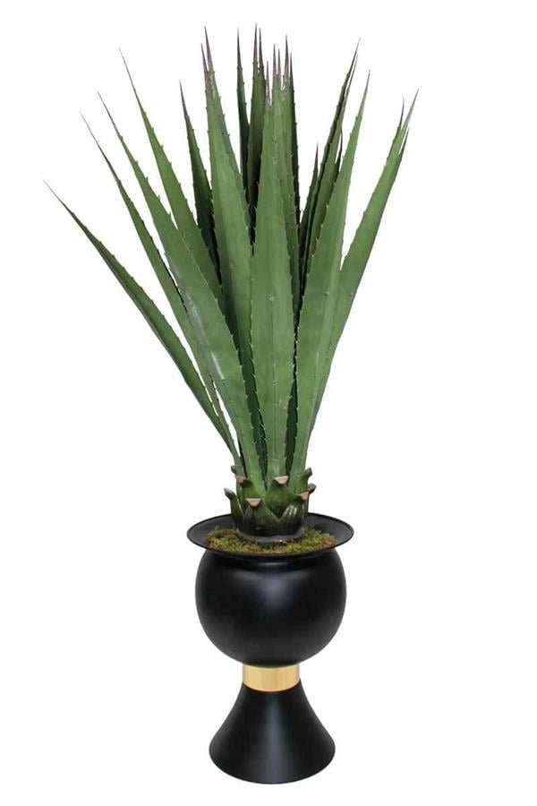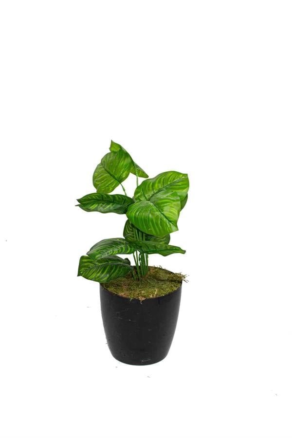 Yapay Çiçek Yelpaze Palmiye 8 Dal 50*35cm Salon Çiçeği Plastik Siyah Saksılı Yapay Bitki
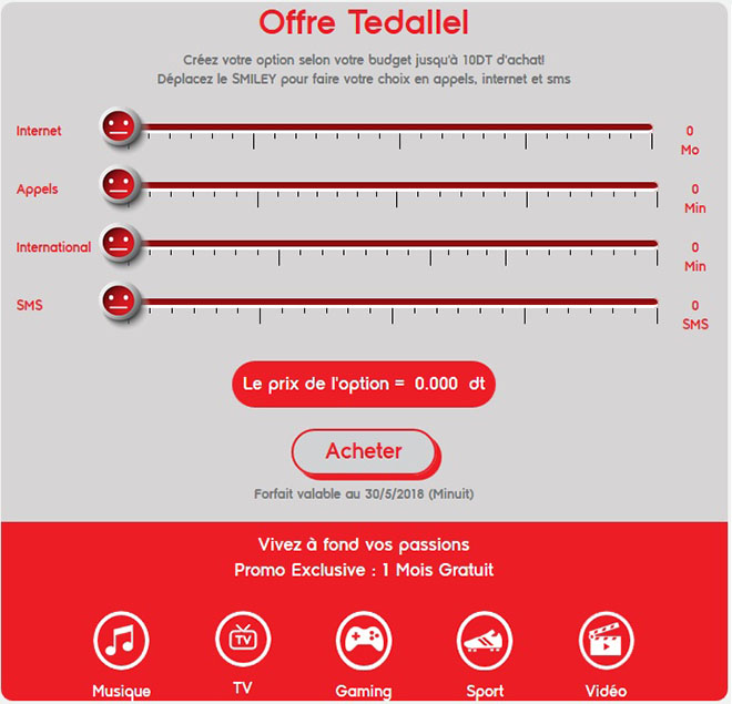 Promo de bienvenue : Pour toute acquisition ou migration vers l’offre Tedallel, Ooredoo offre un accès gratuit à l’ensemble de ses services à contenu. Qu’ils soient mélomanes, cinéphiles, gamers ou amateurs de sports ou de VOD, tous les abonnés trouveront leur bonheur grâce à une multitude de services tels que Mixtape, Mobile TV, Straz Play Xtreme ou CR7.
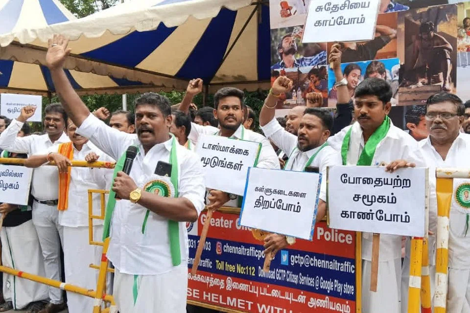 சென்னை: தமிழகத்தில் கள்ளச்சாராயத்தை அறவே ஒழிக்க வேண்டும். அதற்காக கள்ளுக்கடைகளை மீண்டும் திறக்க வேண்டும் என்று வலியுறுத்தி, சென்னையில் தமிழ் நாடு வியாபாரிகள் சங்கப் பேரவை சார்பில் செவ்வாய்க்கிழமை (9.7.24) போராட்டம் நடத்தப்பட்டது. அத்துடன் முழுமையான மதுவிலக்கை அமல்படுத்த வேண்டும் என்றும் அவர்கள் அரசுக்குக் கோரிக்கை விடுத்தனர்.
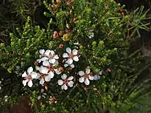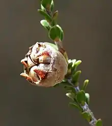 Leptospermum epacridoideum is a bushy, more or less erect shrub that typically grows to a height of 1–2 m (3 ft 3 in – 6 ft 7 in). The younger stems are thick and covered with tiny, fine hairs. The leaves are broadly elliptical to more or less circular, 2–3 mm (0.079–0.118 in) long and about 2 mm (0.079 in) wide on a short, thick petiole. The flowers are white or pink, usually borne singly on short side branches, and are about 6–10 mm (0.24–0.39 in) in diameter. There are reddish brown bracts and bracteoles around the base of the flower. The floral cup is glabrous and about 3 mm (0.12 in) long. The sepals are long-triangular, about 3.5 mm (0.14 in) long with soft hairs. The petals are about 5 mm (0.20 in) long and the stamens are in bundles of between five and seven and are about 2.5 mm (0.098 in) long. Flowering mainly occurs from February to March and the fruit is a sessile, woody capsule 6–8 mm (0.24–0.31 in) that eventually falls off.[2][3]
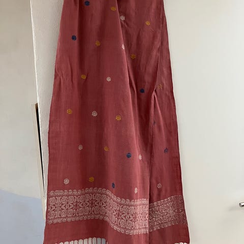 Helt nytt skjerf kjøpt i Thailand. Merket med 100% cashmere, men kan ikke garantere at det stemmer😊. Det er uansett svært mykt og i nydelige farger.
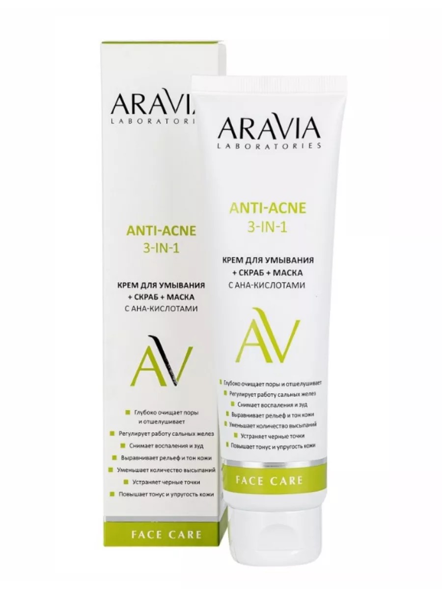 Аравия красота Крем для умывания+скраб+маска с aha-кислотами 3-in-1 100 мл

....

### EXERCISE
Word for word, output the lines from the beginning of the listing through the line holding "Promo de bienvenue" and nothing beyond them. Omit the pictures.

### ANSWER SPACE
 Yapay Çiçek Yelpaze Palmiye 8 Dal 50*35cm Salon Çiçeği Plastik Siyah Saksılı Yapay Bitki
 Promo de bienvenue : Pour toute acquisition ou migration vers l’offre Tedallel, Ooredoo offre un accès gratuit à l’ensemble de ses services à contenu. Qu’ils soient mélomanes, cinéphiles, gamers ou amateurs de sports ou de VOD, tous les abonnés trouveront leur bonheur grâce à une multitude de services tels que Mixtape, Mobile TV, Straz Play Xtreme ou CR7.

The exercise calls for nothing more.